- Task statement -
The whole listing, apart from its images, should be restated word for word.

*** Opening Data block ***

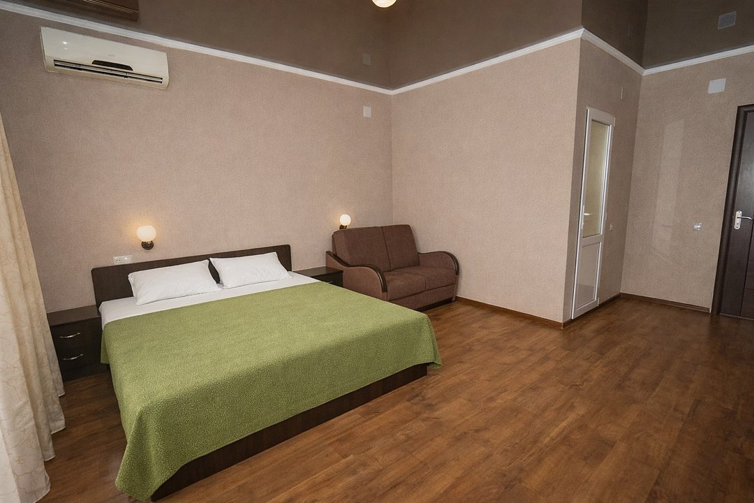 Трехместный номер "Комфорт" со всем необходимым для комфортного проживания: душ и туалет, кондиционер, телевизор, холодильник. Мебель: Двухспальная кровать, кресло-кровать, комод, шкаф, прикроватные тумбы, зеркало, стул и стулья.Услуги и удобства
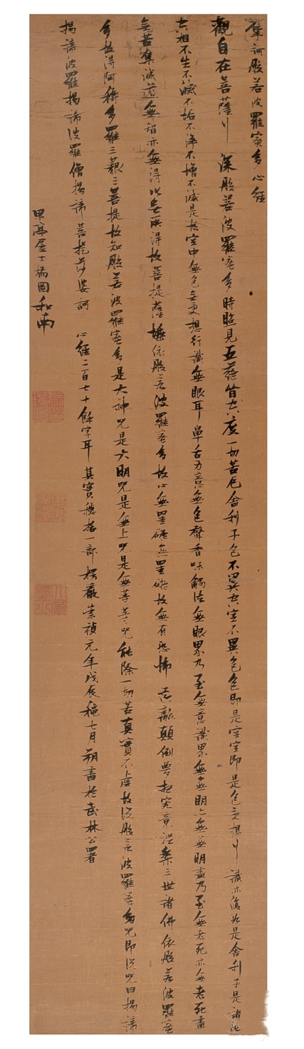 款署:心经二百七十余字耳,其实稳括一部楞严崇祯元年戊辰(1628年)秋七月朔书于武林公署
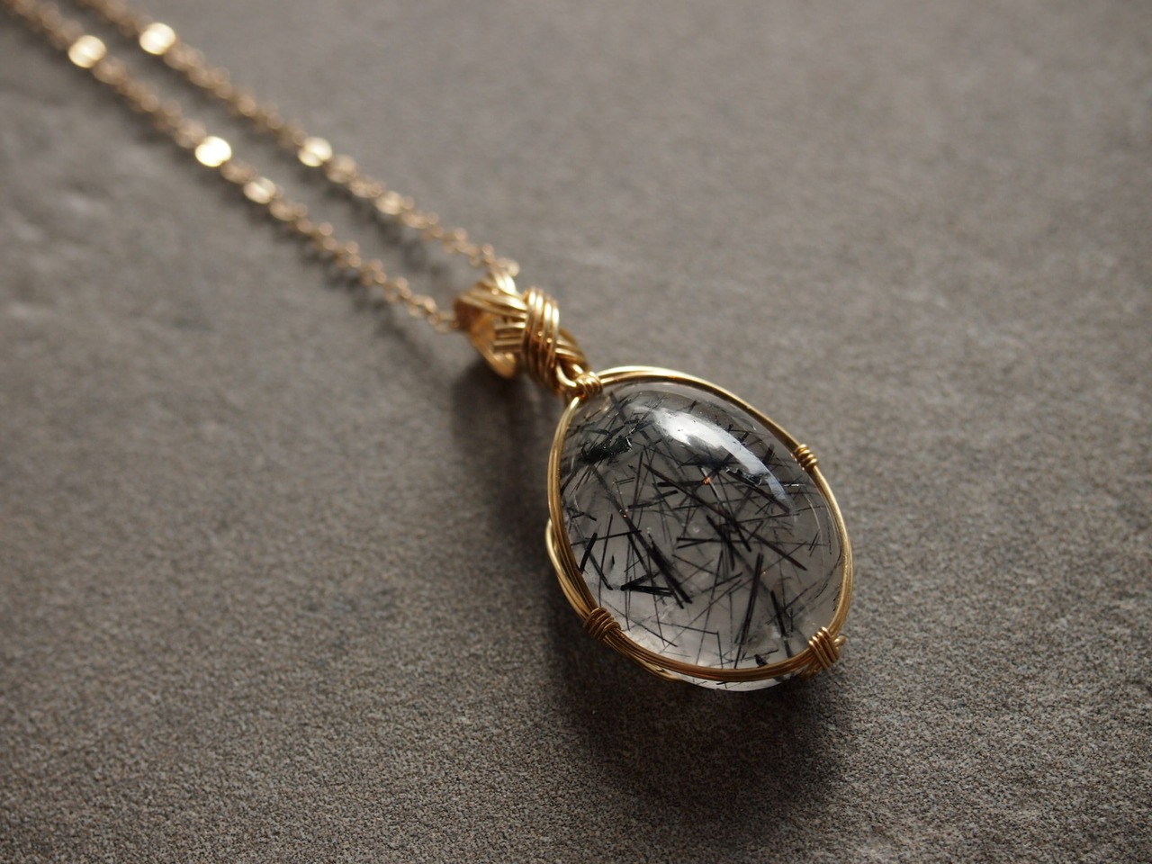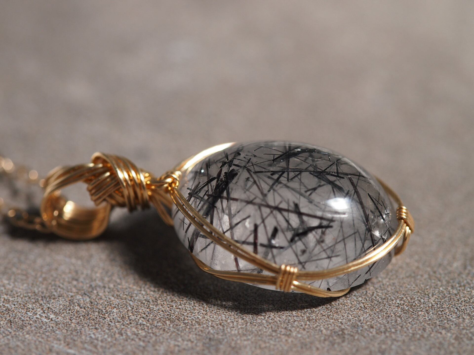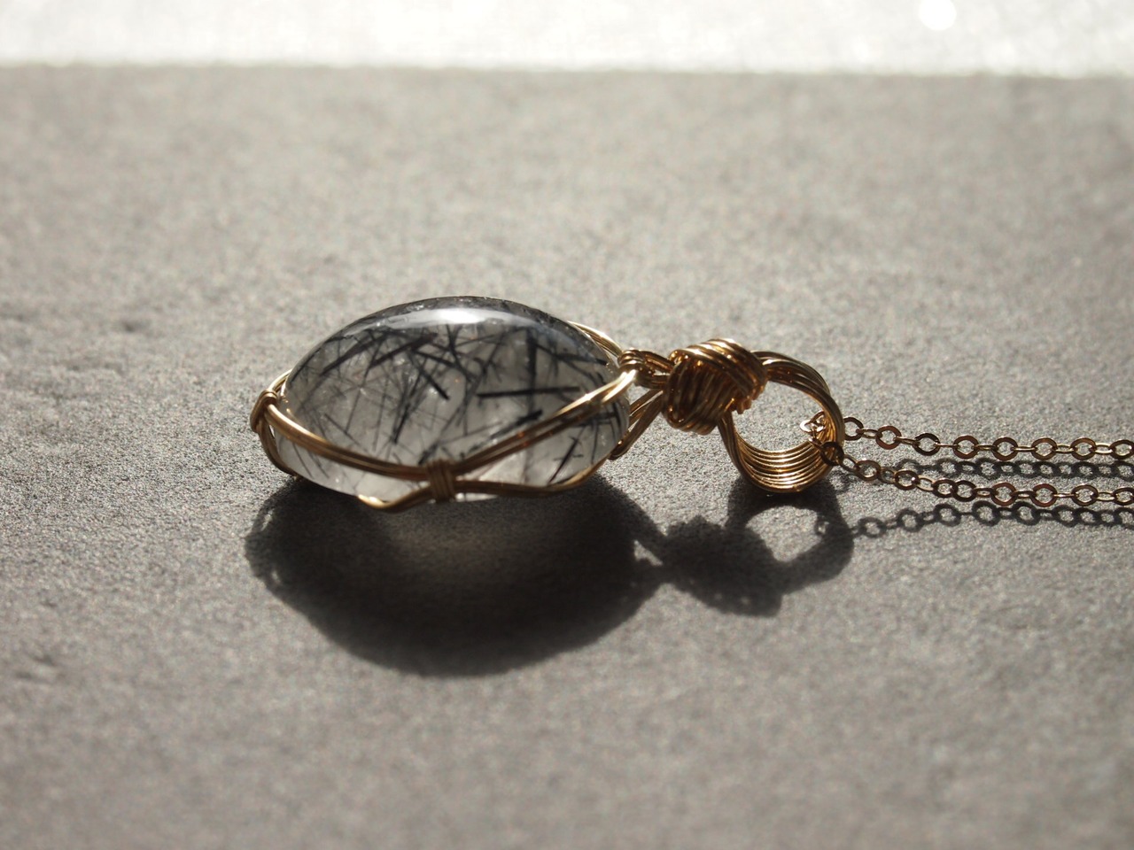 トルマリンインクォーツを14kgfワイヤーで繊細にペンダントトップに仕上げました♡
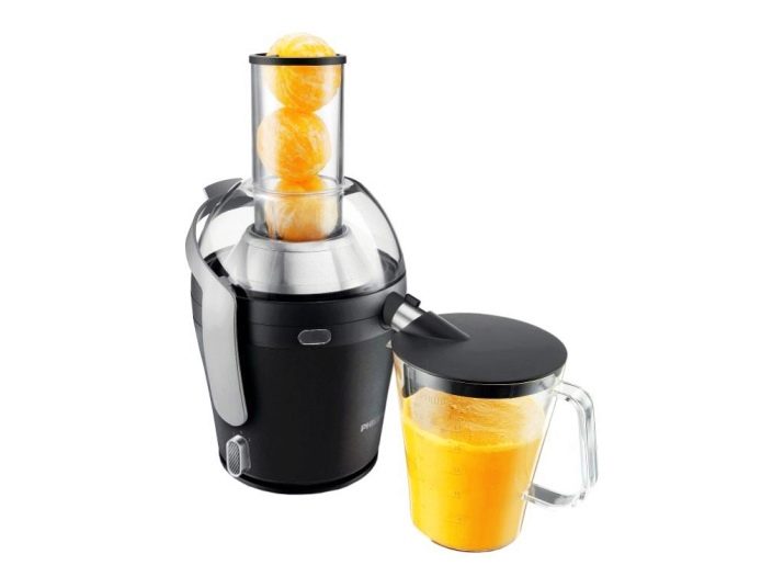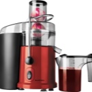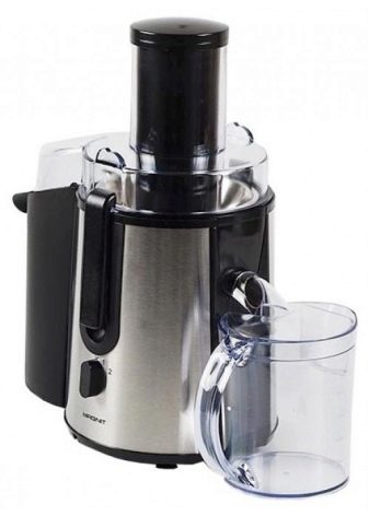 Im Allgemeinen ist das Funktionsprinzip von Zentrifugalentsaftern ziemlich einfach. Gleichzeitig arbeiten sie ziemlich schnell und machen einen guten Job. Darüber hinaus ist dieser Entsafter eine der preisgünstigsten Optionen. Es hat auch eine breite Öffnung zum Eintauchen der Früchte, so dass Sie die Zutaten vor dem Start des Geräts nicht schneiden müssen. Es sollte beachtet werden, dass der Saft im Prozess dieses Modells, es wird ein bisschen sauer.

*** Closing Data block ***

- Answer to this task -
 Трехместный номер "Комфорт" со всем необходимым для комфортного проживания: душ и туалет, кондиционер, телевизор, холодильник. Мебель: Двухспальная кровать, кресло-кровать, комод, шкаф, прикроватные тумбы, зеркало, стул и стулья.Услуги и удобства
 款署:心经二百七十余字耳,其实稳括一部楞严崇祯元年戊辰(1628年)秋七月朔书于武林公署
 トルマリンインクォーツを14kgfワイヤーで繊細にペンダントトップに仕上げました♡
 Im Allgemeinen ist das Funktionsprinzip von Zentrifugalentsaftern ziemlich einfach. Gleichzeitig arbeiten sie ziemlich schnell und machen einen guten Job. Darüber hinaus ist dieser Entsafter eine der preisgünstigsten Optionen. Es hat auch eine breite Öffnung zum Eintauchen der Früchte, so dass Sie die Zutaten vor dem Start des Geräts nicht schneiden müssen. Es sollte beachtet werden, dass der Saft im Prozess dieses Modells, es wird ein bisschen sauer.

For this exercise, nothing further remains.